PROBLEM REQUIREMENTS | Output, word for word, each line from the one with "Hand-embroidered backdrop made" through the end of the listing below, excluding every picture.

*** Begin section ***

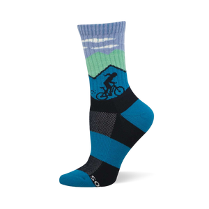 These women’s crew socks turn a trail scene into a compact graphic that feels ready for the outdoors even when the day is more errands than elevation. A cyclist climbs through bold blocks of color, with ridgelines and a wide-open sky giving the design a sense of motion and space. The result is playful, a little adventurous, and easy to wear with jeans, joggers, or hiking boots.
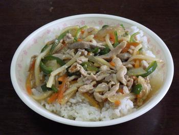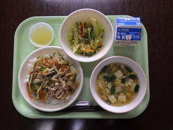 「チンジャオロースー丼・茎わかめのサラダ・にら玉スープ・パインゼリー・牛乳」
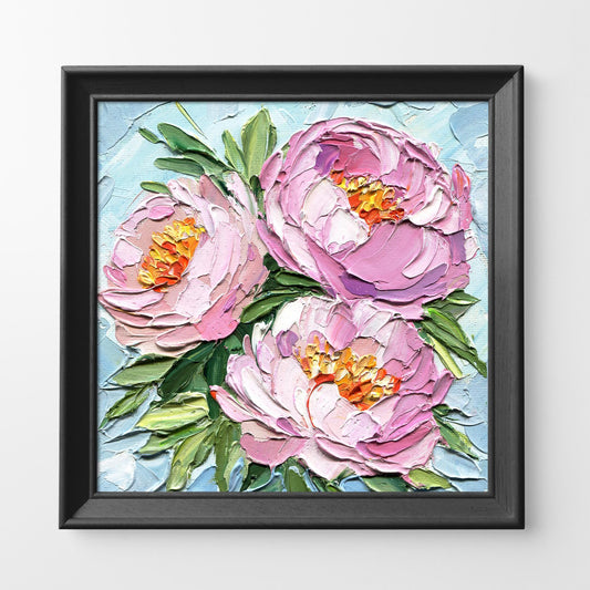 Peony Oil Painting – 6x6 Inch Impasto Floral Art – Blush Pink Peonies on Beige – Textured Flower Wall DecorRegular price $112.00 USDRegular priceUnit price per-
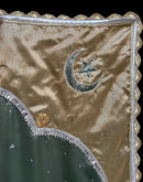 Hand-embroidered backdrop made in silk with various embroidery techniques, bordered with gota and laces.
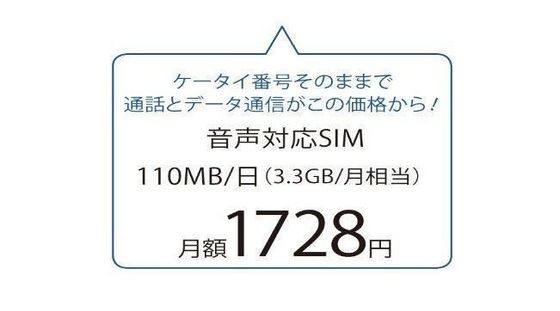 妻:音声対応SIM 110MB/日コース(3.3GB/月相当)⇒月額1728円

*** End section ***

RESPONSE TO THE EXERCISE |
 Hand-embroidered backdrop made in silk with various embroidery techniques, bordered with gota and laces.
 妻:音声対応SIM 110MB/日コース(3.3GB/月相当)⇒月額1728円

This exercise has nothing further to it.